BLAS vs Threads on a cluster

I’m developing a script which, at its core, is mainly diagonalizing a large number of Hermitian matrices, i.e., eigen(Hermitian(A)). I want to run the code on a cluster (on a single machine, 96 threads) and am looking into multithreading it using Threads.@threads.

In testing on my desktop (16 threads), I noticed that the LinearAlgebra functions automatically make use of multiple threads. So my question is: is it better (faster) to let all the threads be used by eigen, or to restrict eigen to a single thread and parallelize using Threads? Or somewhere in between?

Generally you want to set BLAS to a single thread if you can paralellize at a higher level easily. BLAS multithreading doesn’t give you perfect scaling.

1 Like

Thanks! A simple test shows that you are right:

using LinearAlgebra

A = rand(800,800)

@time Threads.@threads for i in 1:30
    eigen(A)
end

BLAS.set_num_threads(1)
@time Threads.@threads for i in 1:30
    eigen(A)
end

output:

 12.973553 seconds (31.24 k allocations: 613.706 MiB, 0.16% gc time, 3.23% compilation time)
  5.900912 seconds (22.85 k allocations: 613.151 MiB, 0.23% gc time, 9.74% compilation time)

Also note that there is an interaction between BLAS threads and julia threads that depends on whether you use MKL or the default OpenBLAS. In short:

  • with MKL: total threads used = julia threads x BLAS threads
  • with OpenBLAS: total threads used = julia threads + BLAS threads (BLAS will compute “jobs” sequentially but use threads within each “job”)

More details explanation can be found here:

(Also using ThreadPinning.jl might improve performance if you use a cluster)

When I wrote the docs section about this I buried it at the end of the performance tips, but maybe there is a better place?

https://docs.julialang.org/en/v1/manual/performance-tips/#man-multithreading-linear-algebra

2 Likes

I think the Performance tips section is a reasonable place in principle. I usually link to the explanation in ThreadPinning.jl because it is a bit more detailed and also highlights the different behavior of MKL.jl (which I deem a very surprising footgun…).

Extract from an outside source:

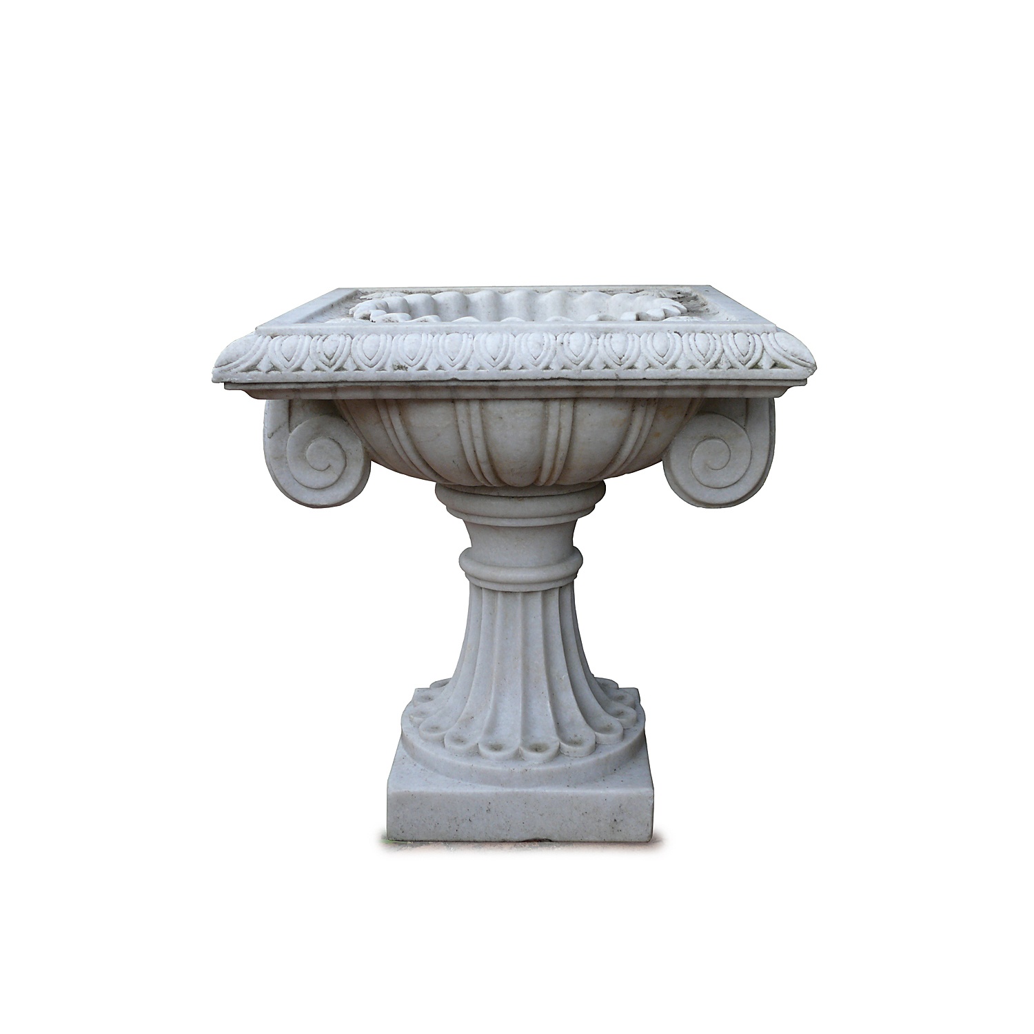 LARGE GARDEN TAZZA / URN ITALIANATE CARVED CARRARA MARBLE WHITE SQUARE TWO PART 97 CM HIGH 60 CM WIDE 60 CM DEEP (X2)

Maybe a lesson here could be that the Performance Tips section got a bit too long to be unstructured? Maybe we could make some sections like “Type related stuff”, “Function related stuff”, “Numerics”, “Miscellaneous”. Maybe lead with a section “Most common and severe performance pitfalls”.

For the specific performance tip about OpenBLAS, I think a bit more emphasis on the (to me at surprising) behavior of OPENBLAS_NUM_THREADS=N>1 would be good. The current “There is just one OpenBLAS thread pool shared among all Julia threads.” does not scream to me “your operations will essentially be done serially (but a bit faster)”.

1 Like

I’ve been wanting to do that for a while, but the Documenter format doesn’t make such subsections visible, so I’m not sure how to proceed

Feel free to submit a PR, I didn’t write this part because I was an expert, only because I was frustrated not to find it anywhere official ^^

1 Like